**Problem**
Extract only the lines running from the top of the entries to the line that holds "Flores de seis". Include that line and omit the pictures.

Items from a dataset:
################

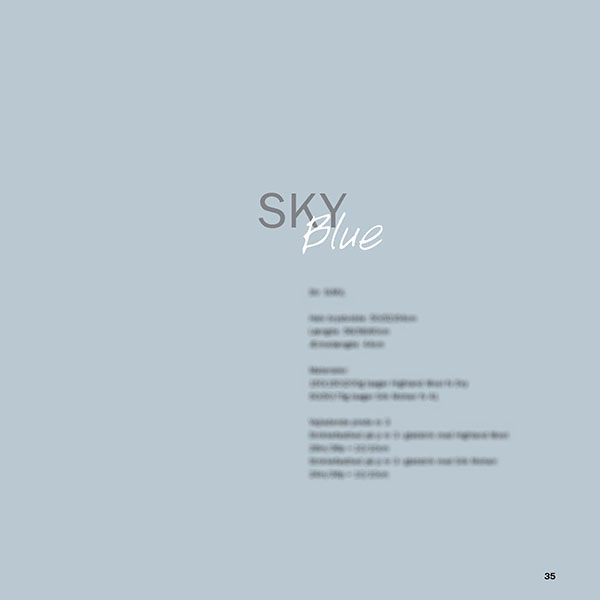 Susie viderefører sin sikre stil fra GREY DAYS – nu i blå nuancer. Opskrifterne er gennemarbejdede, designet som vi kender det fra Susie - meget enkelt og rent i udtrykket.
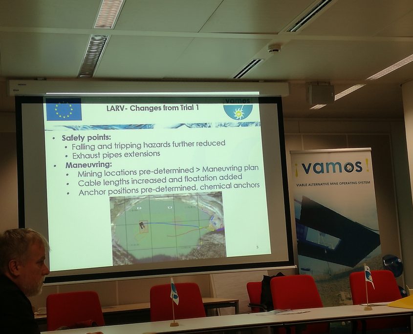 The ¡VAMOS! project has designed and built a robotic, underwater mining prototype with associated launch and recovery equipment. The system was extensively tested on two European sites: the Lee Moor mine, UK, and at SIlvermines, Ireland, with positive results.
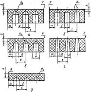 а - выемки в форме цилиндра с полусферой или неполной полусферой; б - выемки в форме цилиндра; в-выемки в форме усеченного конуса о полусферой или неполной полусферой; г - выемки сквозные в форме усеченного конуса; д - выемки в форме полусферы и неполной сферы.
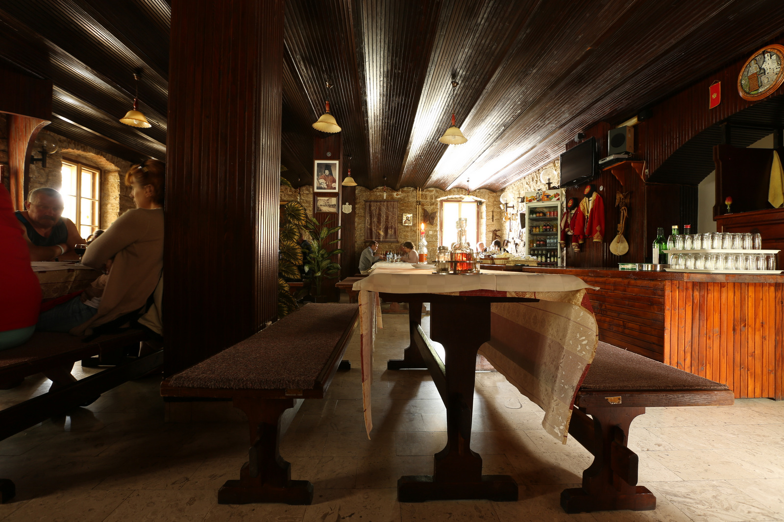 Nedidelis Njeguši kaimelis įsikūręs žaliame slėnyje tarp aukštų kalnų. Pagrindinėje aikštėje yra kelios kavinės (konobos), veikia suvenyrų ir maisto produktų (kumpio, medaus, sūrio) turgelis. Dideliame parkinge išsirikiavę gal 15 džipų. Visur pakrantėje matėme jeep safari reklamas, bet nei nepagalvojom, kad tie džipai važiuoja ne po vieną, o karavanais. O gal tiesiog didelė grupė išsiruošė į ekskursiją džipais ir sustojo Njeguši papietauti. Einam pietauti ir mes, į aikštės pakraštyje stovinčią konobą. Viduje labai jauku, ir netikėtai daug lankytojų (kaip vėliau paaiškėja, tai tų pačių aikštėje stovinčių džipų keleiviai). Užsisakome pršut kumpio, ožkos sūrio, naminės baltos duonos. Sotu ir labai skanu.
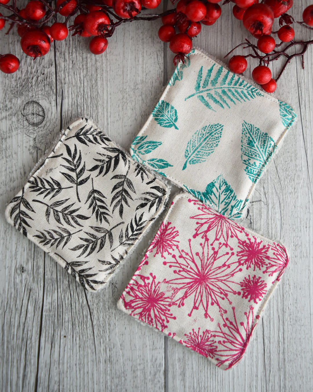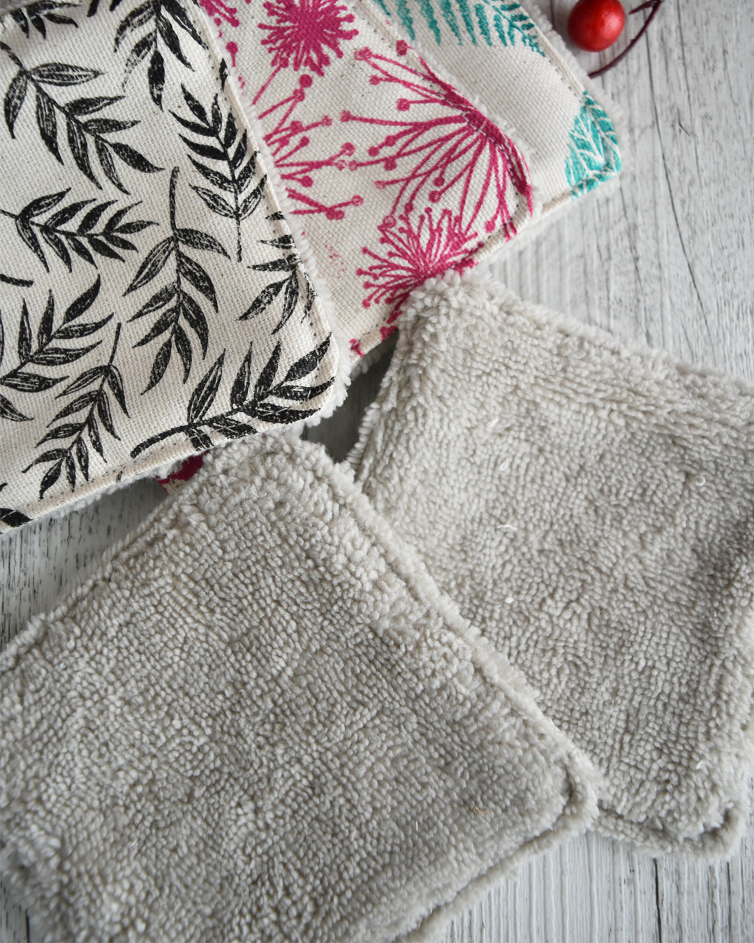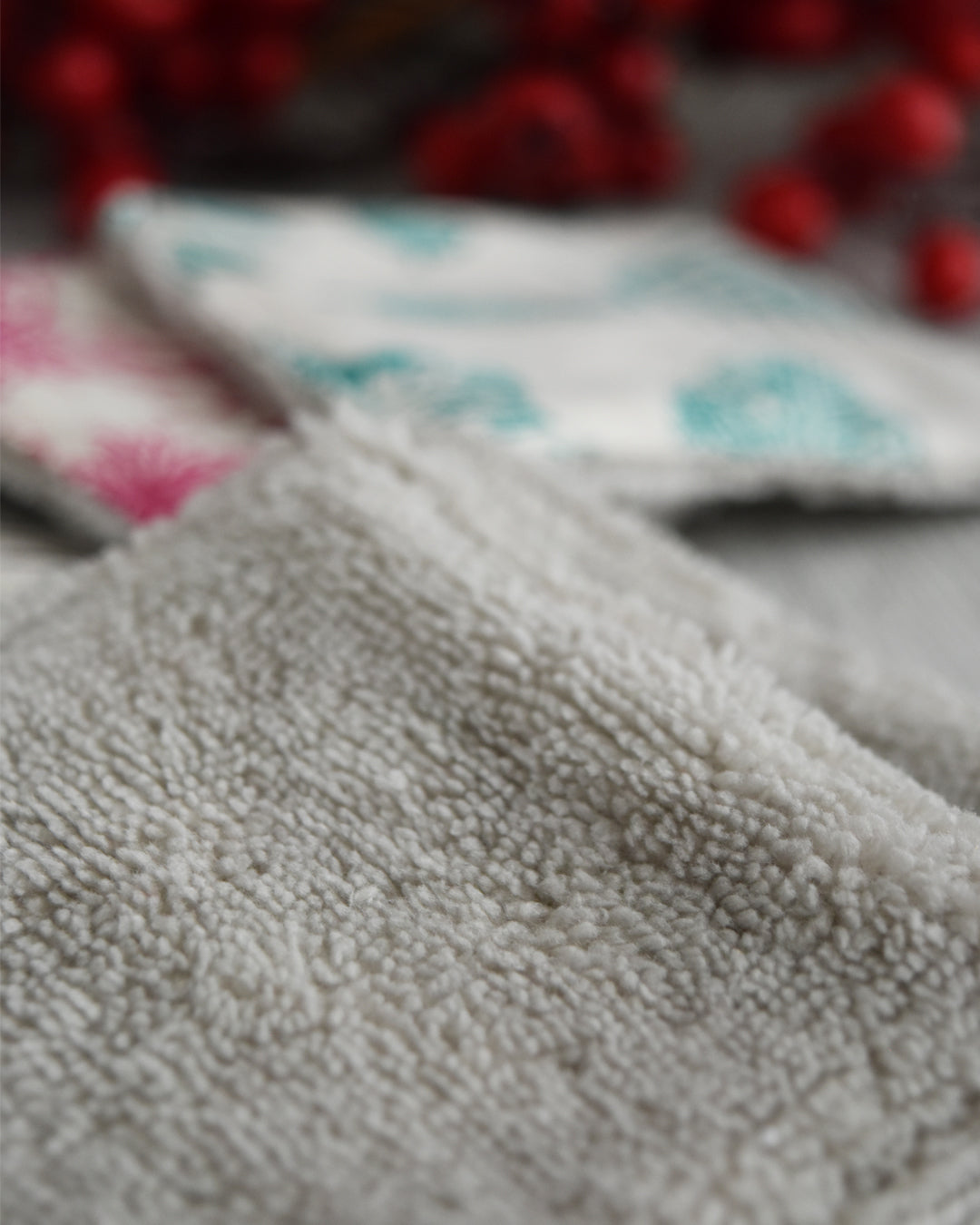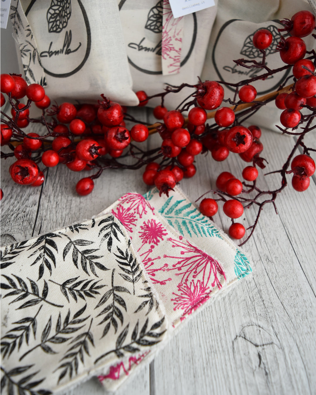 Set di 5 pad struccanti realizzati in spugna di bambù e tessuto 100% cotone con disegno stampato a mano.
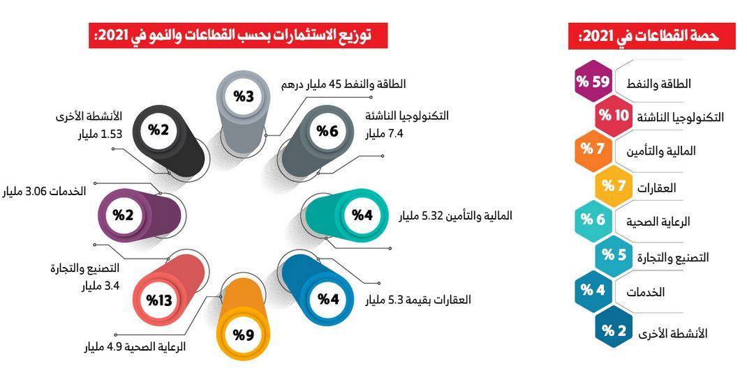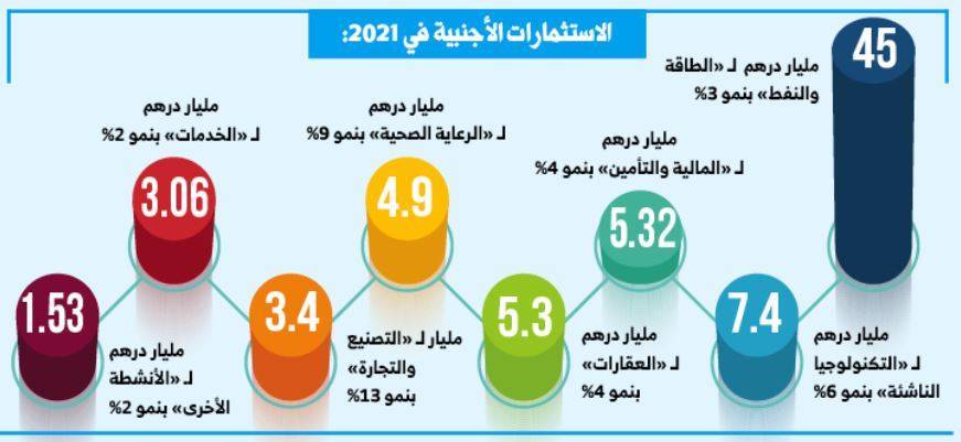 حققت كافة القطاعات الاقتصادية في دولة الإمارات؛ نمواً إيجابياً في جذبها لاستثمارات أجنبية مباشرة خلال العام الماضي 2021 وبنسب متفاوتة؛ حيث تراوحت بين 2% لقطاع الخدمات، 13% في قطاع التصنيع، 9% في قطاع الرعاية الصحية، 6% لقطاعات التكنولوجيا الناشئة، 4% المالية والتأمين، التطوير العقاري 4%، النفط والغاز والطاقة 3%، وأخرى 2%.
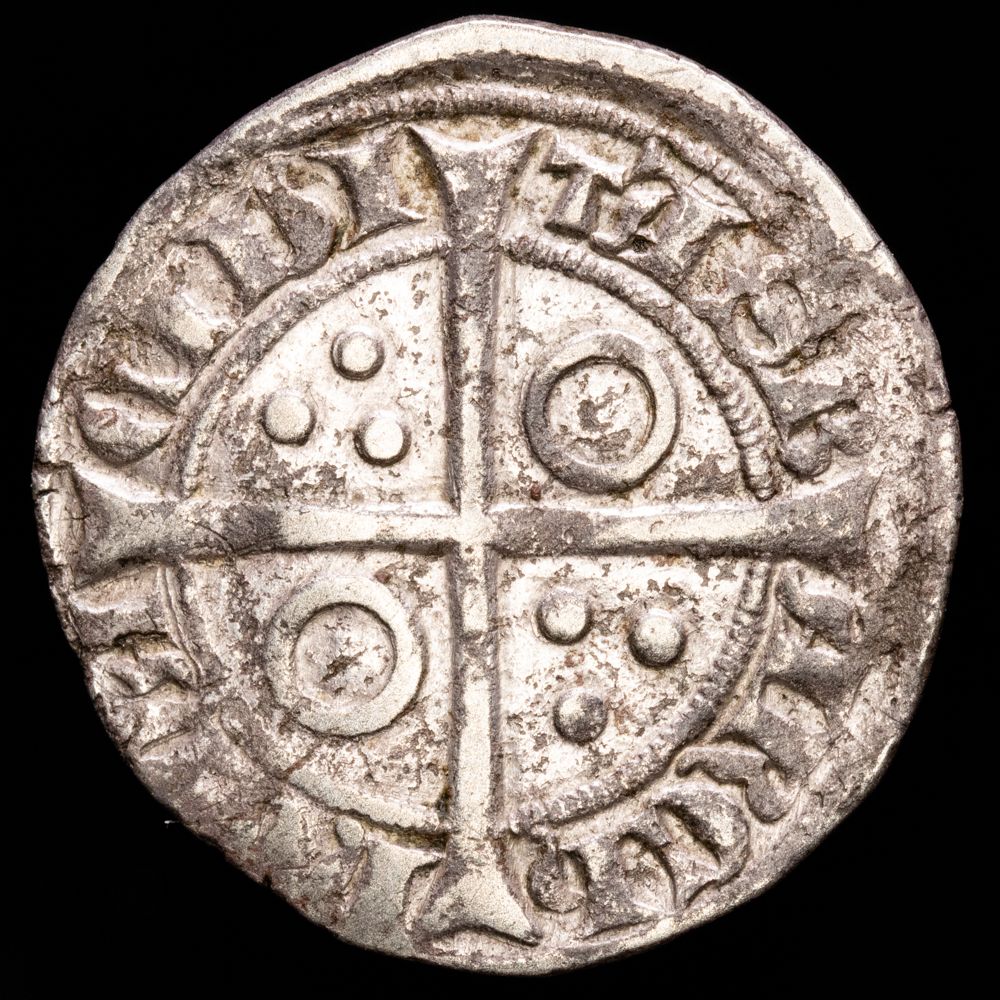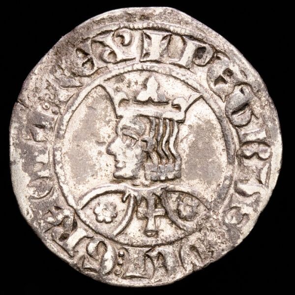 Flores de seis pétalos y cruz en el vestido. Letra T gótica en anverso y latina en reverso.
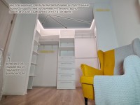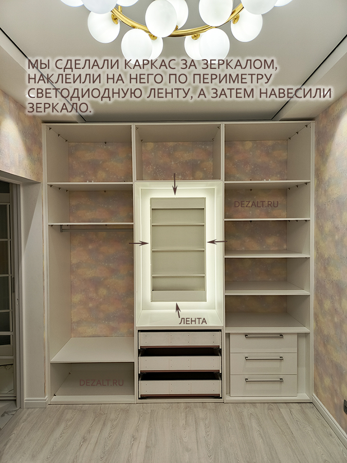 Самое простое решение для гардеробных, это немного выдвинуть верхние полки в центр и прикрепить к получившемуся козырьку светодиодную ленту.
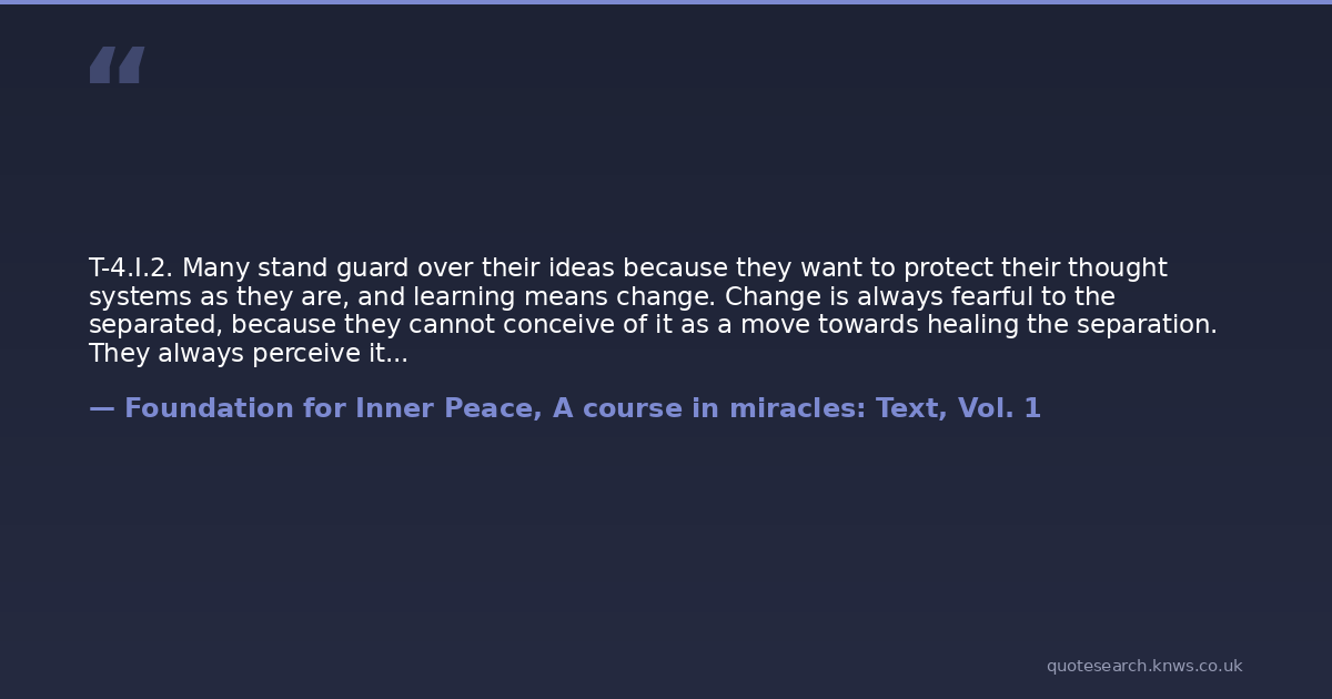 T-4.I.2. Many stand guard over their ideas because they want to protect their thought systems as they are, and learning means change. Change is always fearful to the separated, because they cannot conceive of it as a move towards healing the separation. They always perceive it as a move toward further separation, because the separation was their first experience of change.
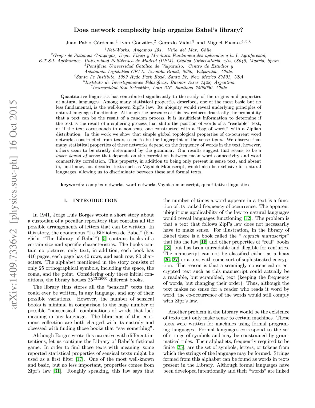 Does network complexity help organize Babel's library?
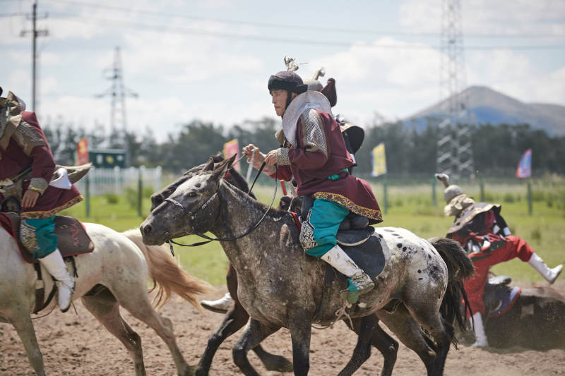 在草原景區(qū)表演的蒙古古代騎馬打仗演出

################

**Answer for the task**
 Susie viderefører sin sikre stil fra GREY DAYS – nu i blå nuancer. Opskrifterne er gennemarbejdede, designet som vi kender det fra Susie - meget enkelt og rent i udtrykket.
 The ¡VAMOS! project has designed and built a robotic, underwater mining prototype with associated launch and recovery equipment. The system was extensively tested on two European sites: the Lee Moor mine, UK, and at SIlvermines, Ireland, with positive results.
 а - выемки в форме цилиндра с полусферой или неполной полусферой; б - выемки в форме цилиндра; в-выемки в форме усеченного конуса о полусферой или неполной полусферой; г - выемки сквозные в форме усеченного конуса; д - выемки в форме полусферы и неполной сферы.
 Nedidelis Njeguši kaimelis įsikūręs žaliame slėnyje tarp aukštų kalnų. Pagrindinėje aikštėje yra kelios kavinės (konobos), veikia suvenyrų ir maisto produktų (kumpio, medaus, sūrio) turgelis. Dideliame parkinge išsirikiavę gal 15 džipų. Visur pakrantėje matėme jeep safari reklamas, bet nei nepagalvojom, kad tie džipai važiuoja ne po vieną, o karavanais. O gal tiesiog didelė grupė išsiruošė į ekskursiją džipais ir sustojo Njeguši papietauti. Einam pietauti ir mes, į aikštės pakraštyje stovinčią konobą. Viduje labai jauku, ir netikėtai daug lankytojų (kaip vėliau paaiškėja, tai tų pačių aikštėje stovinčių džipų keleiviai). Užsisakome pršut kumpio, ožkos sūrio, naminės baltos duonos. Sotu ir labai skanu.
 Set di 5 pad struccanti realizzati in spugna di bambù e tessuto 100% cotone con disegno stampato a mano.
 حققت كافة القطاعات الاقتصادية في دولة الإمارات؛ نمواً إيجابياً في جذبها لاستثمارات أجنبية مباشرة خلال العام الماضي 2021 وبنسب متفاوتة؛ حيث تراوحت بين 2% لقطاع الخدمات، 13% في قطاع التصنيع، 9% في قطاع الرعاية الصحية، 6% لقطاعات التكنولوجيا الناشئة، 4% المالية والتأمين، التطوير العقاري 4%، النفط والغاز والطاقة 3%، وأخرى 2%.
 Flores de seis pétalos y cruz en el vestido. Letra T gótica en anverso y latina en reverso.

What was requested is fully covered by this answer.